La mañana de este domingo, las noticias de Karachi llegaron cargadas de angustia y caos. En una jornada que arrancó con tensiones palpables, lo que parecía ser una protesta pacífica por parte de manifestantes proiraníes se desbordó en un escenario de violencia sin precedentes.
La multitud, enardecida por la reciente muerte del ayatolá Ali Khamenei, líder supremo de Irán, intentó tomar por la fuerza el consulado de Estados Unidos en la ciudad. Y lo que siguió fue un enfrentamiento sangriento con la policía.
A medida que el humo se levantaba y las sirenas resonaban por toda la capital de la provincia de Sindh, el saldo de la confrontación no tardó en ser devastador: al menos diez personas perdieron la vida y más de 20 resultaron heridas.
La respuesta de las fuerzas de seguridad fue rápida y feroz, con decenas de detenidos y una ciudad completamente paralizada bajo el peso de la tensión.

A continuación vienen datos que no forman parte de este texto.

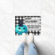 This cute Happy Halloween doormat has a teal pumpkin image and a message about non-food treats for kids with food allergies. The black and white buffalo plaid background gives a cute country farmhouse feel. Greet trick or treaters with a welcome mat that lets them know they can find allergy-friendly treats at your house.

El enojo de la comunidad chií en Pakistán, que se sintió profundamente afectada por el ataque conjunto de Estados Unidos e Israel a Irán, desbordó las calles de Karachi, desencadenando disturbios en los que la rabia contra el poder extranjero se dejó sentir con fuerza. La tragedia, en medio del caos, reflejó no solo el dolor local, sino también la creciente presión que el conflicto con Irán ejerce sobre la región.
A nivel global, la OPEP+ anunció un incremento en la producción de petróleo, lo que generó aún más nerviosismo en los mercados internacionales, especialmente en Oriente Medio.
Y en Europa, la jefa de política exterior de la Unión Europea, Kaja Kallas, calificó la muerte de Khamenei como “un momento definitorio” para Irán, pidiendo a las potencias mundiales que tomaran pasos concretos para frenar la escalada de violencia.
Así, mientras el país ardía en las calles, el tablero geopolítico seguía moviéndose con rapidez. Karachi se había convertido en un campo de batalla, pero el conflicto estaba lejos de terminar.